Spammers seem to always make things turn ugly when they're butting heads with either other spammers or folks who have an opinion that doesn't agree with theirs. Continue on, Im making more popcorn.


----------



## bowtie (May 24, 2011)

I too liked the info....I pm'ed wlp...he sent me a pile of info....then we talked in depth on the phone for close to 2 hours...not about his product...just like old friends....I left with better knowledge on deer nutrition ...and he left with knowledge on homebrews....I think we are both still. Confused....lol...I really appreciate the time wlp took out of his schedule on a Sunday to help me with my deer needs...thanks again wlp....I will be talking to you this week....just my two cents....


----------



## steph30030 (May 24, 2011)

I too enjoyed all the Info from WLP


----------



## Killdee (May 24, 2011)

Sounds like WLP is knowledgeable  re deer and I assume he has some schooling in biology to gain this knowledge. I would be interested in seeing some studies re mineral supplements making any improvements in antler size. I research this every year and always read post after post on other sites like QDMA and others, from biologists and other qualified experts on this subject and from everything I have read on earlier study's, mineral supplements dont do much if anything to grow antlers. If there is new info to actually prove this I would love to see it. Its hard to prove on a deer farm when there's tons of high quality food plots, supplemental feeding and genetics being manipulated by artificial insemination and such stuff. I still find it very hard to believe that a few licks on a property are going to make an improvement in antler growth alone. I do realize that all deer may benefit from a balanced mineral supplement, and that's good, I'm all in favor of improving their overall health. I personally feel that most of the people who think they are getting gains from 1mineral product or another are actually seeing the results of their food plots, habitat improvements and passing up smaller deer rather than a bag of antler magic. Feel free to post or pm any info that will sway my opinion.


----------



## Gadestroyer74 (May 24, 2011)

very well said kildee. also you can pour all the protein and minerals you choose if a deer's genetics is 100 inches thats all he is gonna be period i do like the info as well always willing to learn


----------



## Gadestroyer74 (May 24, 2011)

BIGHORN26 said:


> Bhearn92574........... if you dont have relative information about minerals please find another thread to intrude on and fuss about.........thanks.!! If it doesnt have anything to do with minerals then dont post it!!

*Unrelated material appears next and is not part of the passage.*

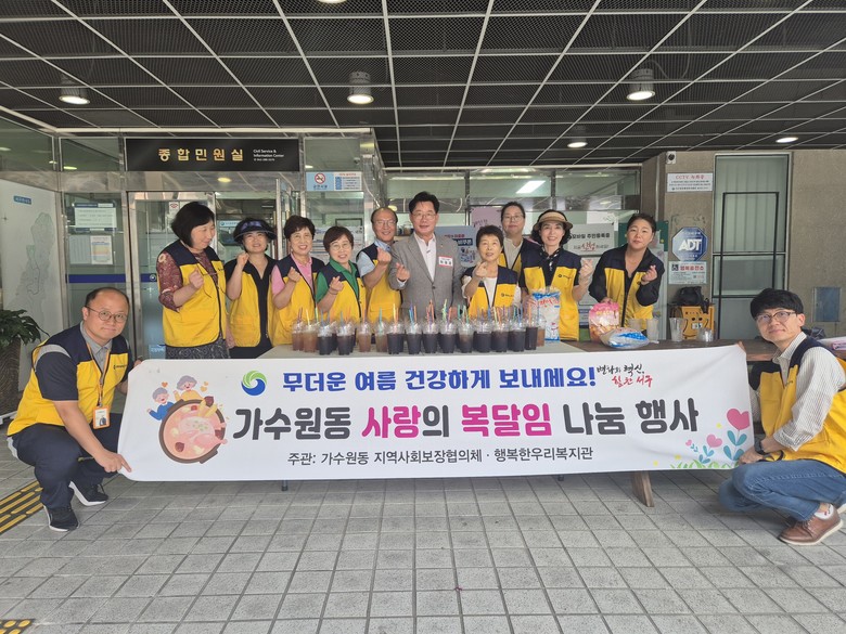[서구 세계타임즈=이채봉 기자] 대전 서구(구청장 서철모) 가수원동 지역사회보장협의체는 말복을 맞아 ‘주민과 함께하는 복달임 행사 및 복지 사각지대 발굴 캠페인’을 이달 12일 개최했다고 밝혔다.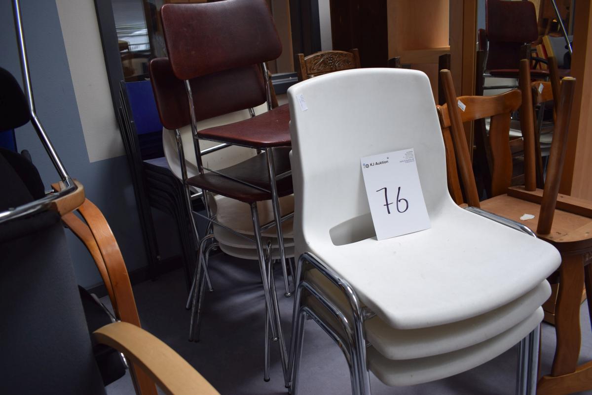 4 Stk Blaue Stuhle 3 Tlg Stuhle Weiss 2 Stuhle Aus Braunem Leder 3 Stk Weissen Plastikstuhle Kj Auktion Maschinen Auktionen

might as wll remove most of the thread then


----------



## wildlifepro (May 26, 2011)

*RE deer mineral making a difference*



Killdee said:


> Sounds like WLP is knowledgeable  re deer and I assume he has some schooling in biology to gain this knowledge. I would be interested in seeing some studies re mineral supplements making any improvements in antler size. I research this every year and always read post after post on other sites like QDMA and others, from biologists and other qualified experts on this subject and from everything I have read on earlier study's, mineral supplements dont do much if anything to grow antlers. If there is new info to actually prove this I would love to see it. Its hard to prove on a deer farm when there's tons of high quality food plots, supplemental feeding and genetics being manipulated by artificial insemination and such stuff. I still find it very hard to believe that a few licks on a property are going to make an improvement in antler growth alone. I do realize that all deer may benefit from a balanced mineral supplement, and that's good, I'm all in favor of improving their overall health. I personally feel that most of the people who think they are getting gains from 1mineral product or another are actually seeing the results of their food plots, habitat improvements and passing up smaller deer rather than a bag of antler magic. Feel free to post or pm any info that will sway my opinion.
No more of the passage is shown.